Laurence Pécaut-Rivolier : C'est la première étude vraiment chiffrée que nous avons pu mener grâce aux données de Médiamétrie qui a un panel représentatif, comme pour les audiences de télévision. Il y a trois enseignements majeurs. Le premier, c'est qu'on a une fréquentation en masse des sites pornographiques par les mineurs, 30% contre 37% chez les adultes. Le deuxième enseignement, c'est que ça n'arrête pas d'accélérer, on a une hausse constante depuis 2017. Le troisième, c'est que ce sont des mineurs de plus en plus jeunes qui fréquentent les sites pornographiques. Les chiffres sont terribles.
Quelles sont les conséquences de ces images sur l'apprentissage de la vie sexuelle des adolescents ?
On a un comité d'experts de jeunes publics au sein de l'Arcom qui travaille sur ces questions-là. Il est évident que les images pornographiques sont inappropriées à un certain âge et force est de constater que sur ces sites, il y a des catégories d'images qui sont encore plus inadaptées. Elles sont dégradantes, violentes, elles en appellent à des fantasmes d'inceste. Tout cela est de nature traumatisante.
Aborder la sexualité avec ses enfants est souvent compliqué. Que conseillez-vous ?
Si on a sorti cette étude, c'est pour sensibiliser, mais nous ne pensions pas que c'était un phénomène d'une telle ampleur.
"On espère qu'avec ce que vont relayer les médias, il y aura des conversations dans les familles. C'est fondamental."
Laurence Pécaut-Rivolier, membre du collège de l’Arcomà franceinfo
Les sites pornographiques doivent vérifier l'âge des utilisateurs.
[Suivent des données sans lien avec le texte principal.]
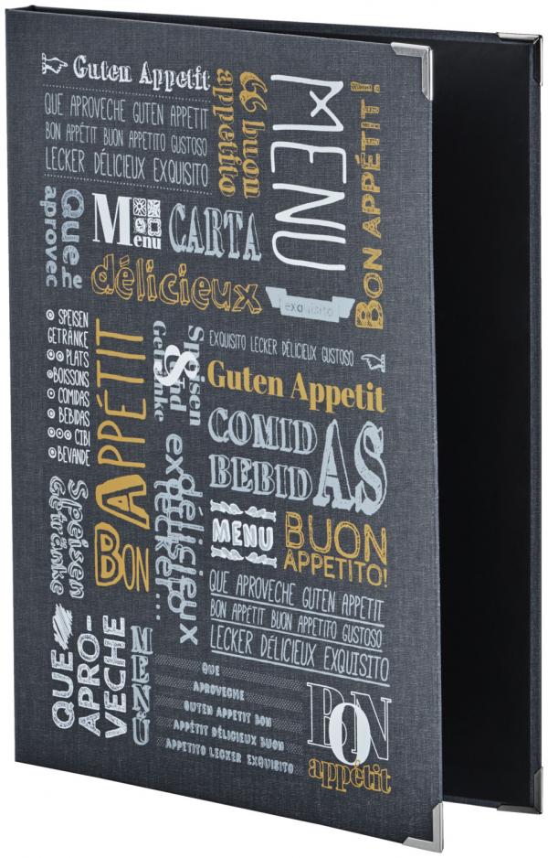 Rasklopivi meni sa platnenim omotima i atraktivnim vintage printom. Kutije za umetanje mogu se naručiti zasebno. Opremljen zavrtnjima za knjige sa unutrašnje strane.
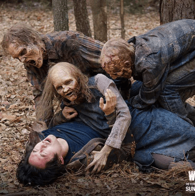 glenn and three walkers Published May 24, 2015 at 390 × 391 in The Walking Dead, Season 5, Episode 16, “Conquer” Aye, aye, aye! Watching this finale episode, my WD buddy and I were super freaked at this scene, and then the shot faded out to commercial. I turned to my WD buddy and said, “They’re not going to take Glenn down with a fade-out!”
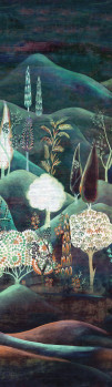Jedes Muster und Motiv in dieser Tapetenkollektion spiegelt die Inspiration der indischen Landschaft wider, wo Blumen, Blätter und Bäume von immenser Bedeutung sind. Die indische Kultur hat eine starke Verbindung zur Natur, was in den Tapetenmustern dieser Kollektion deutlich wird. Diese heben nicht nur die visuelle Schönheit von Blumen, Blättern und Bäumen hervor, sondern respektieren auch die tiefe Bedeutung, die die Natur für den indischen Lebensstil hat.
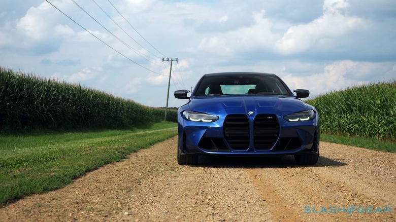 Maybe it's early-onset dementia, or the fact that this 2021 BMW M4 Coupe is finished in handsome Portimao Blue Metallic and not the bilious green launch color, or perhaps Bavaria's designers were right all along, but I find myself not hating the M4's most controversial styling feature. Much has been said about the expansive snout on BMW's enthusiast coupe, and vanishingly small amounts of it proved positive, but I find myself bucking the trend.
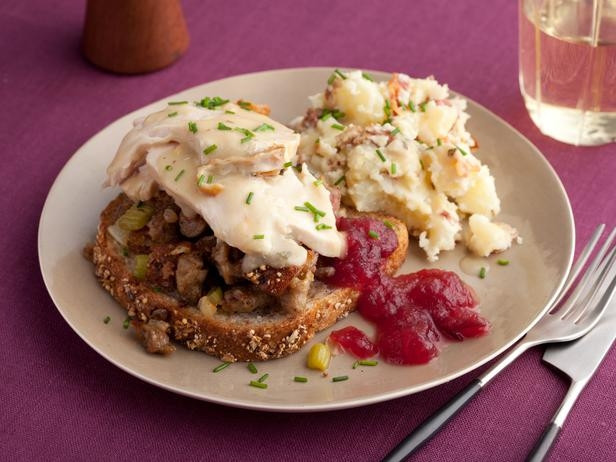 9) Place a bread slice on dinner plate. Use a large ice cream scoop to place a mound of stuffing on the bread. Place turkey on top of stuffing. Serve smashed potatoes and cranberries on the side. Spoon the extra gravy over potatoes and turkey sandwiches. Sprinkle the plates with chopped parsley or chives and serve.
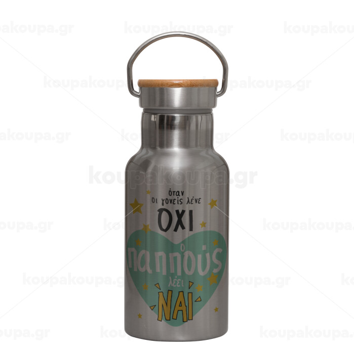 Όταν οι γονείς λένε ΟΧΙ, ο παππούς λέει ΝΑΙ, Μεταλλικό παγούρι θερμός (Stainless steel) Ασημένιο με ξύλινο καπακι (bamboo), διπλού τοιχώματος, 350ml
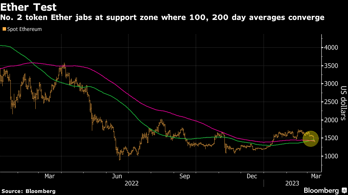 Sentiment in digital-asset markets as a whole has taken a knock from the demise of Silvergate's payments platform for crypto firms, as well as Chair Jerome Powell's stance that the Federal Reserve is likely to take rates higher than previously anticipated.

Mais la loi n'est pas respectée. Comment l'expliquez-vous ?
Il y a une infraction dans le code pénal qui sanctionne l'exposition des mineurs aux images pornographiques depuis 1992. Donc, ces textes existent depuis très longtemps, mais ne sont pas respectés. La loi de 2020 est venue renforcer les outils pour essayer de mettre en œuvre un arsenal pour se battre contre cette exposition illicite et a confié à l'Arcom la possibilité d'agir. Cela fait 30 ans qu'on essaye d'avoir un véritable système qui empêche les mineurs d'accéder à ces sites. En décembre 2021, on a mis en demeure les plus gros sites, ceux qui ont la plus grosse audience. On a fait le constat qu'il n'y avait pas de système de filtrage et que rien n'avait changé après les mises en demeure. On a saisi le juge en demandant un blocage des sites. À ce moment-là, les sites sont venus nous dire que c'était compliqué parce qu'il n'y avait pas de système efficace. Donc, pour le moment, rien n'a bougé.
Quelles sont les pistes envisagées ?
On travaille avec la CNIL pour trouver les meilleurs systèmes. On se dit qu'un filtrage par carte bancaire serait pas mal. Tout outil est bon à prendre à partir du moment où ce n'est pas une simple déclaration de majorité. Tout est possible à partir du moment où cela respecte la protection des données, le double anonymat. On est à l'écoute de tous les systèmes qui permettraient de filtrer, mais pour l'instant, il n'y a pas eu de proposition.